Dictionary modifications to enable optimizations.

There are a couple of modifications to the dict that we can make to enable optimizations.
These changes aren't designed to speedup dictionary operations (although they shouldn't slow them down) but to allow a larger range of speculative optimizations.

Exploit the immutability of shared dict keys.

Shared keys can only be added to, never removed from. By setting the dk_usable field to zero, no more keys can be added and the dict-keys becomes immutable.

Here are a couple of examples uses:

  1. Loading from builtins. If globals->keys == EXPECTED_KEYS and key not in EXPECTED_KEYS and EXPECTED_KEYS is immutable, then we can read from builtins without have to check globals. If the values in globals change, but the keys don't (as would be the case for global variables) then we still get fast access to builtins.

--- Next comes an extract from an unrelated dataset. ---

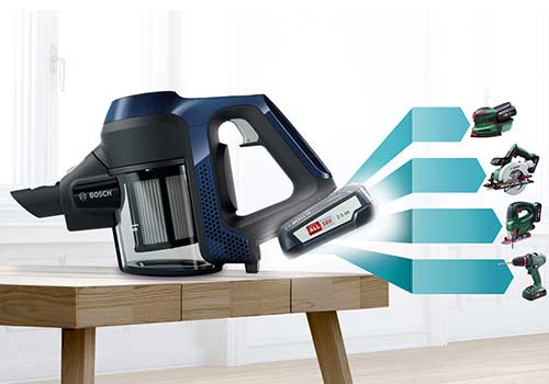 شرکت بوش در مدل BBS611PCK از یک نوآوری خاص استفاده کرده است. در تولید سری 6 باتری‌­های این محصول به لطف برخورداری از فناوری موسوم به Power4All Battery Pack می­‌توان از این باطری‌ها در سایر وسایل برقی این سری نیز استفاده کرد. برخورداری این باتری لیتیوم یونی از ولتاژ 18 و جریان برق 2.5 آمپر بر ساعت یک منبع تغذیه قدرتمند را به این جاروشارژی بخشیده است. این باتری در حالت معمولی خود و بدون استفاده از سری الکتریکی یا POWER BRUSH توانایی کارکرد 30 دقیقه را دارد. در حالت توربو و استفاده از سری الکتریکی آن به علت عملکرد سریع و تولید مکش بالا مدت زمان کارکرد به 8 دقیقه می‌­رسد. گفتنی است که مدت زمان هر بار شارژ کامل دستگاه 4 ساعت خواهد بود.
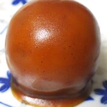 直径3センチ程の小さな球状の饅頭。みたらし団子に見えなくもない。

  2. Loading a method. Functions are non-overriding descriptors, so to cache a function in LOAD_METHOD we just need to check that obj->dict->keys == EXPECTED_KEYS provided that key not in EXPECTED_KEYS and EXPECTED_KEYS is immutable.

We can achieve the same general effect by versioning the keys, dict_key->version == EXPECTED_VERSION, which would require an extra memory access to check, but wouldn't leak keys as we wouldn't need to hold a reference to EXPECTED_KEYS.

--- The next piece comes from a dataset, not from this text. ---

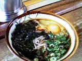 お午の高架プラツトホームは白けた雰圍氣であつた。昼飯でも喰ふかと云ふ氣持ちで月見を頼むと、具が豐富な蕎麦が出て來た。その丼鉢の寫眞を撮つてゐたらおばちやんがお箸の使ひ方を教えて呉れる。どうやら外國人と間違へられたやうで、苦笑ひの一杯であつた。

More variants of the lookup function.

The dictionary implements its internal specialization (split-keys, str-only, general) via a function pointer to the relevant lookup function.

By replacing this function pointer with a pair of enums, one for loads and one for stores, would allow additional specializations to insert out-of-line guards, and other special cases.

For example, one way to optimize builtin loads, is to replace them with constant loads, and discard the optimized code should the builtin dict change. We could implement this by specializing the store function of the builtin dict to invalidate all optimized (quickened) code should any value change.

This would leave (on 64bit machines) 6 bytes spare for a keys version, which would be plenty since we only need a version when we want to optimize, not for every change.

Remove the version number from dictionaries

The above optimizations mean that we have no use for the dict version, so we can remove it and save 8 bytes per dict.

LOAD_GLOBAL_BUILTIN example

By making the global's key immutable and adding the ability to de-optimize to the builtin dictionary, LOAD_GLOBAL can be specialized to the highly efficient LOAD_GLOBAL_BUILTIN:

    if (UNLIKELY(globals->keys != EXPECTED_KEYS)) {
         goto maybe_deopt_load_global_builtin; // Handles counter, etc.
    }
    saturating_increment(counter);
    INCREF(cached_value);
    PUSH(cached_value);

Not only is this about as fast as we can get without JIT compilation, it also works when there is a variable in the global dictionary.